**Exercise brief:** Find the line with "- Bottes pour" in the records below. Output exactly from there until after the line with "Genelec – активный", without pictures.
Content starts
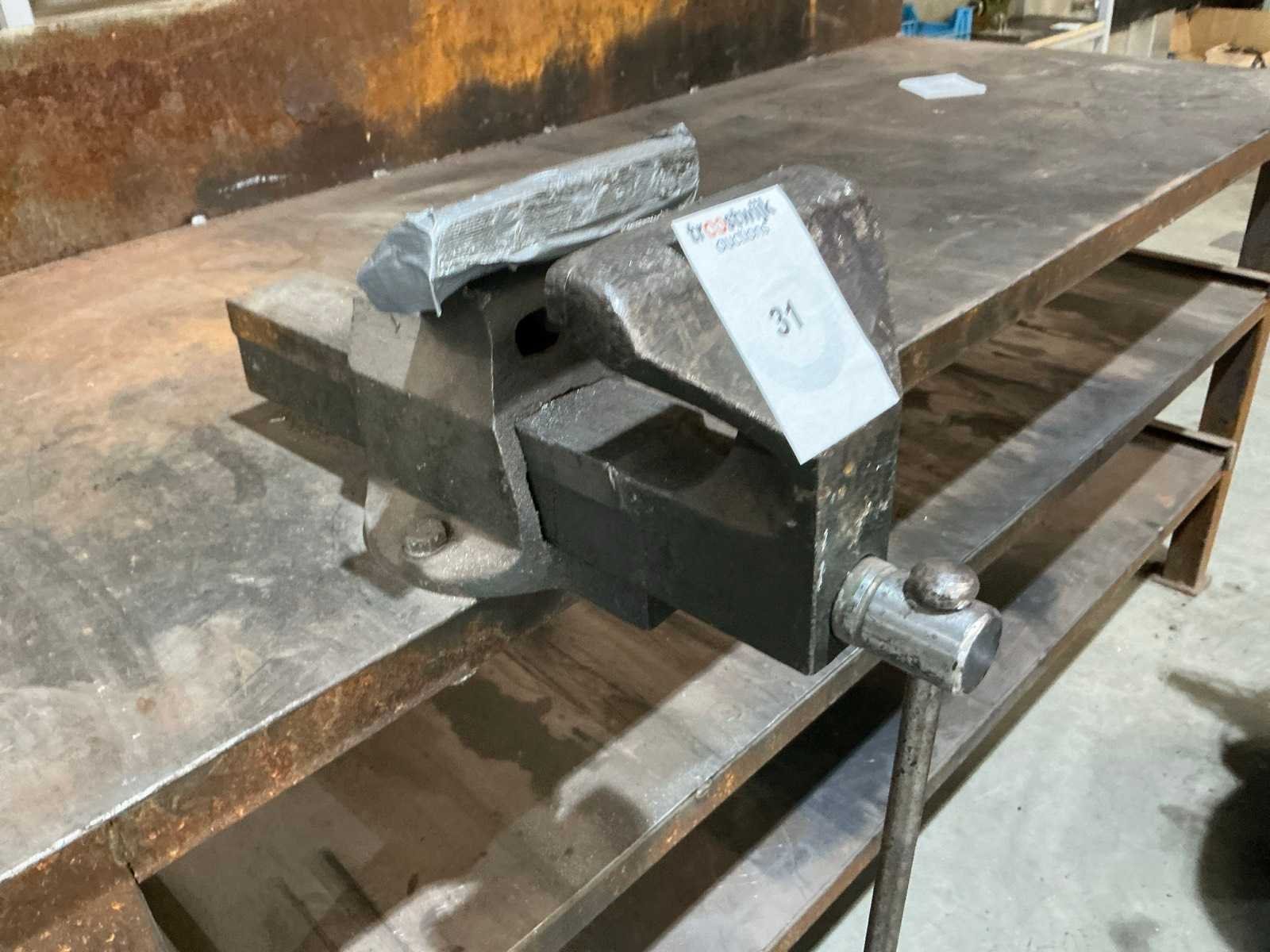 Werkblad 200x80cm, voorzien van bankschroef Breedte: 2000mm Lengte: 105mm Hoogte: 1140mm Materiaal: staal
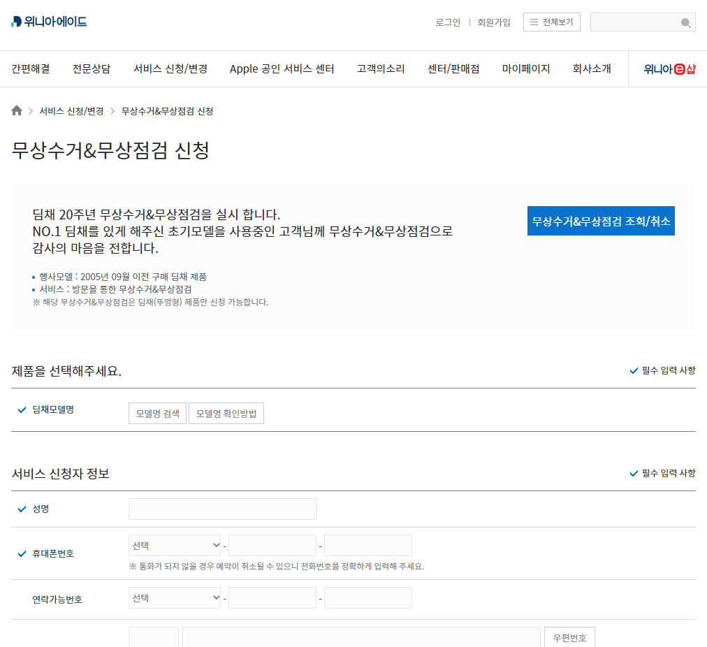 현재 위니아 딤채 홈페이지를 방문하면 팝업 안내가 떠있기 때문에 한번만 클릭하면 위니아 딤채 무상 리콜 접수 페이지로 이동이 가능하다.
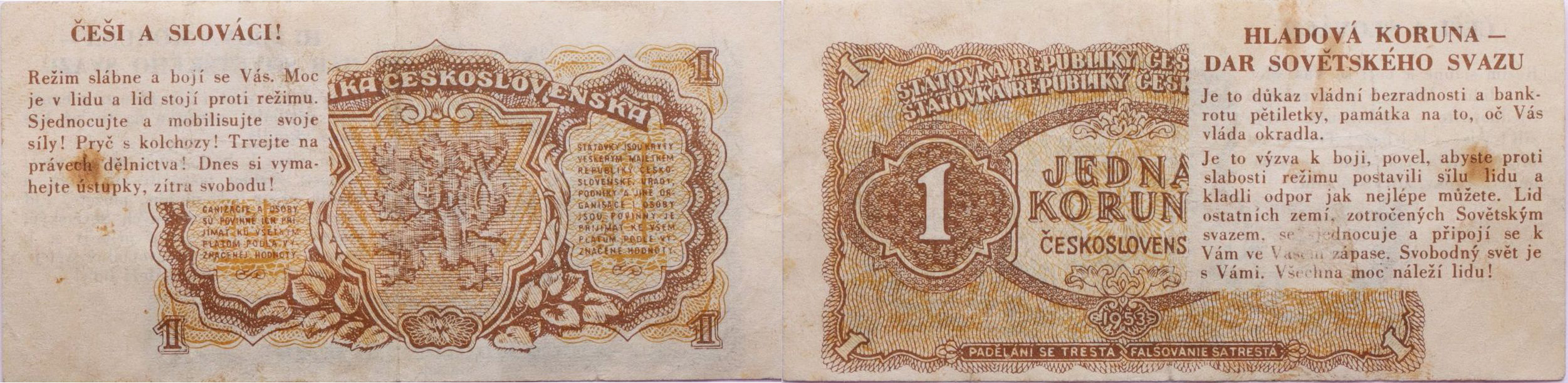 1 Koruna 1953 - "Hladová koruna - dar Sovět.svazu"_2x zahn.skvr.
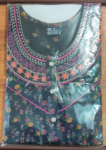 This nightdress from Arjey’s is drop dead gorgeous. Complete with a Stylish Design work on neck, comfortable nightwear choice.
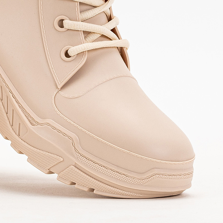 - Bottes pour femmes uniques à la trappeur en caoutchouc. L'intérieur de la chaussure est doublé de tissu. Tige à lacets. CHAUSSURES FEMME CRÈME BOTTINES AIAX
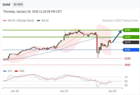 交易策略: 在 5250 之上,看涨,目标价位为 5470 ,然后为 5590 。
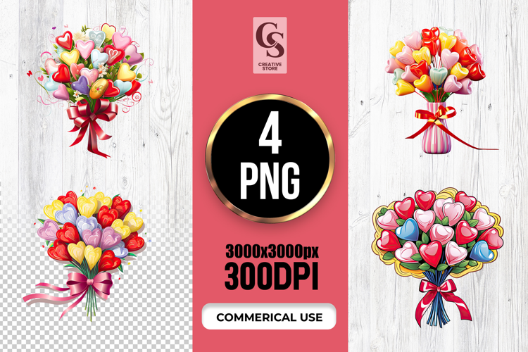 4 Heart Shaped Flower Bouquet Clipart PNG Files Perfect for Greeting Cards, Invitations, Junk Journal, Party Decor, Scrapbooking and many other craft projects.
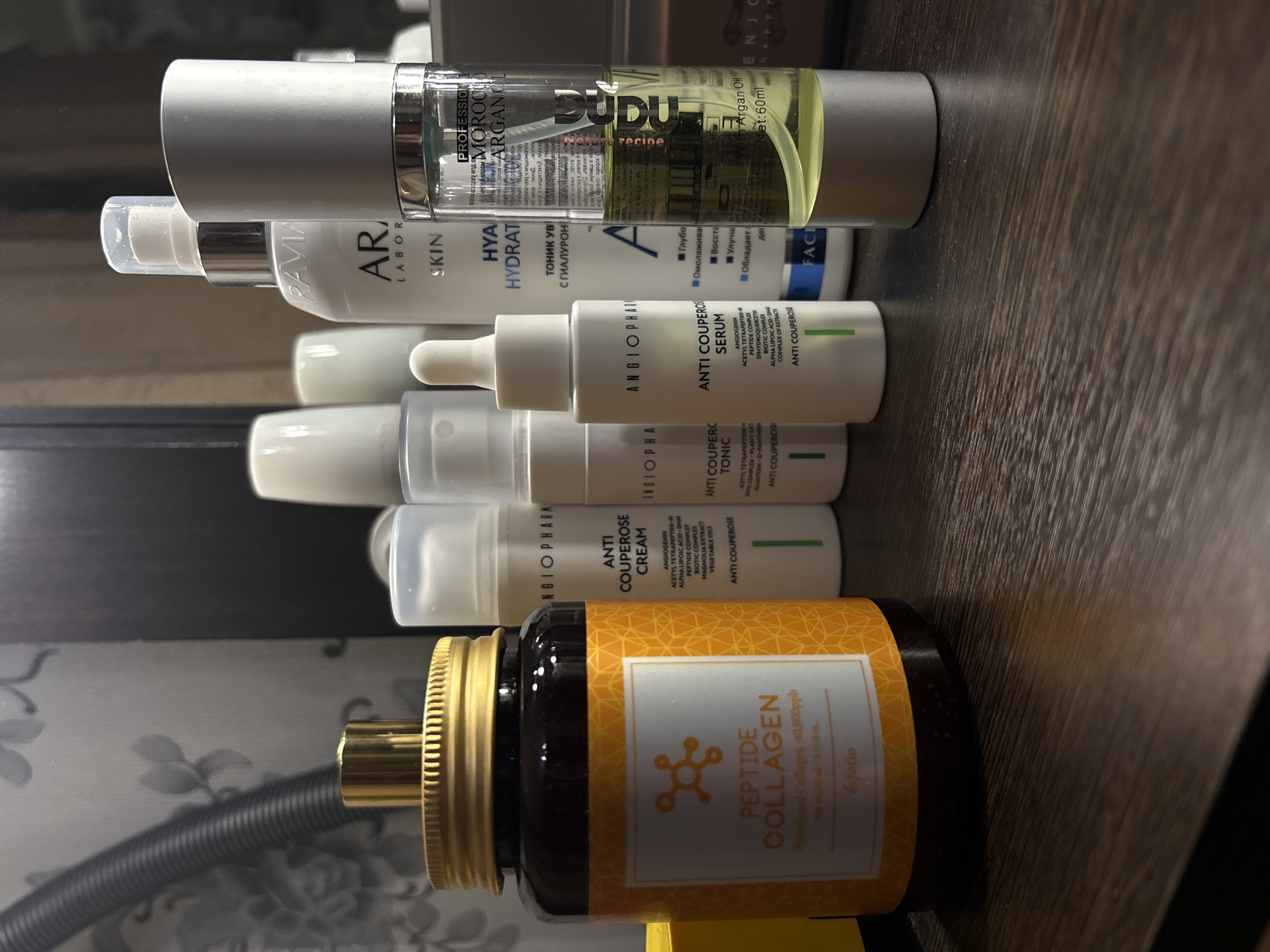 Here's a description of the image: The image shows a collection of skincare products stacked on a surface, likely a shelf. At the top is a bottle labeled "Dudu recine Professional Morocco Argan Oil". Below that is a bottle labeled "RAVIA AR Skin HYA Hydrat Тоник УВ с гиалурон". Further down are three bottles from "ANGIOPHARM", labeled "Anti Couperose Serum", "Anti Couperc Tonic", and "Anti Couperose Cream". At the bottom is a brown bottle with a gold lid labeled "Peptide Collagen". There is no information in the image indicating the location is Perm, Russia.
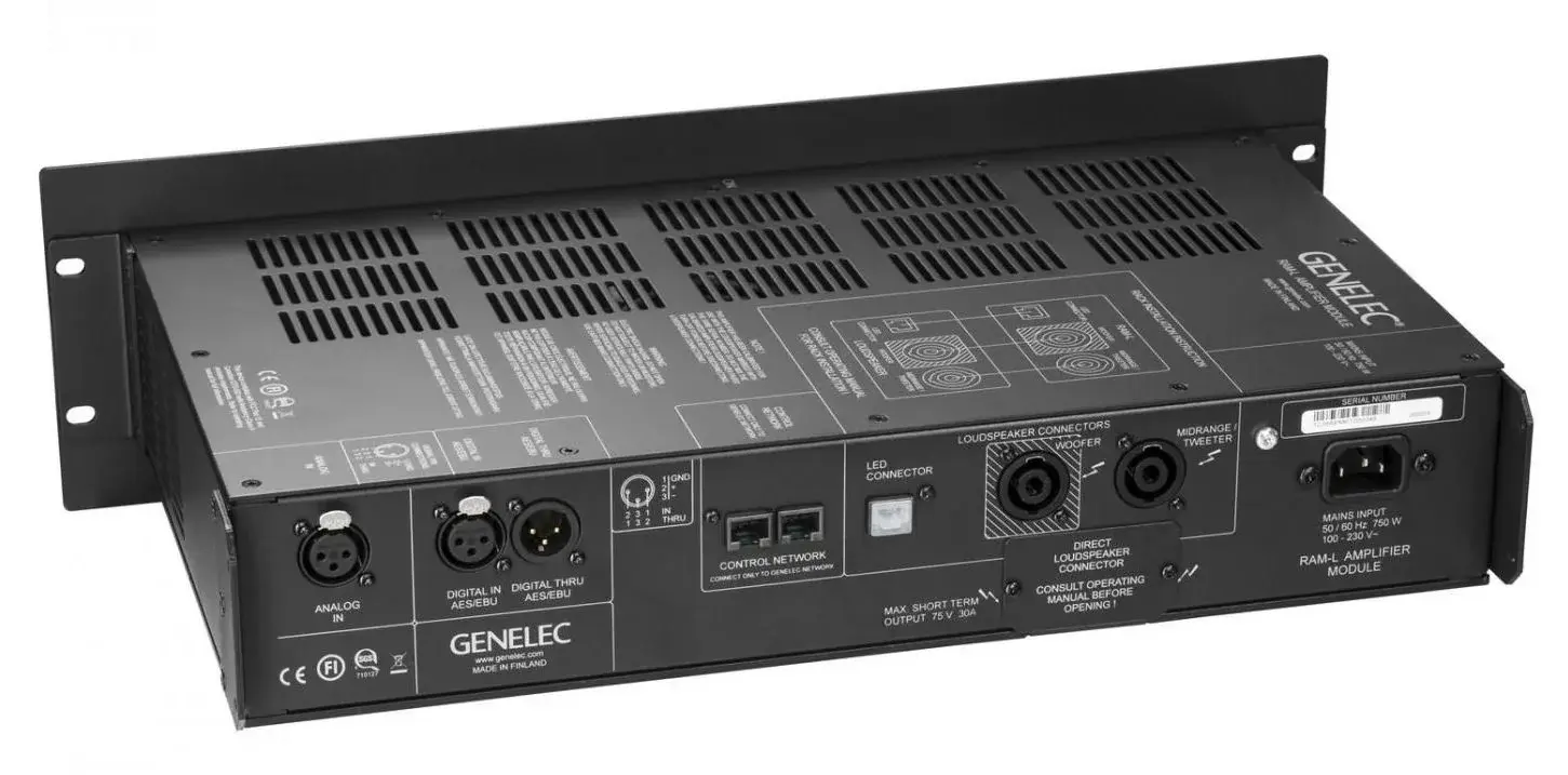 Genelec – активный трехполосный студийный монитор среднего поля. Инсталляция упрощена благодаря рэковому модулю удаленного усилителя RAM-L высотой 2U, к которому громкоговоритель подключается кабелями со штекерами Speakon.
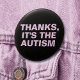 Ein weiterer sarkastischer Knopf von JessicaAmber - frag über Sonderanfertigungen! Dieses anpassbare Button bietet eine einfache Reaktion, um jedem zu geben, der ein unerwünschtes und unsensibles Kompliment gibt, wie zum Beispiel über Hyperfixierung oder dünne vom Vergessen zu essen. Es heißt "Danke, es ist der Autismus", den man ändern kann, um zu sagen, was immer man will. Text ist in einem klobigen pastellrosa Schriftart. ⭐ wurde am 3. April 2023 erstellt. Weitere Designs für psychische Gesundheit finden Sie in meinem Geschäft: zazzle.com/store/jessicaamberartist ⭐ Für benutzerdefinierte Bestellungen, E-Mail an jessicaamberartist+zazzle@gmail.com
Content ends
**Result of the task:**
 - Bottes pour femmes uniques à la trappeur en caoutchouc. L'intérieur de la chaussure est doublé de tissu. Tige à lacets. CHAUSSURES FEMME CRÈME BOTTINES AIAX
 交易策略: 在 5250 之上,看涨,目标价位为 5470 ,然后为 5590 。
 4 Heart Shaped Flower Bouquet Clipart PNG Files Perfect for Greeting Cards, Invitations, Junk Journal, Party Decor, Scrapbooking and many other craft projects.
 Here's a description of the image: The image shows a collection of skincare products stacked on a surface, likely a shelf. At the top is a bottle labeled "Dudu recine Professional Morocco Argan Oil". Below that is a bottle labeled "RAVIA AR Skin HYA Hydrat Тоник УВ с гиалурон". Further down are three bottles from "ANGIOPHARM", labeled "Anti Couperose Serum", "Anti Couperc Tonic", and "Anti Couperose Cream". At the bottom is a brown bottle with a gold lid labeled "Peptide Collagen". There is no information in the image indicating the location is Perm, Russia.
 Genelec – активный трехполосный студийный монитор среднего поля. Инсталляция упрощена благодаря рэковому модулю удаленного усилителя RAM-L высотой 2U, к которому громкоговоритель подключается кабелями со штекерами Speakon.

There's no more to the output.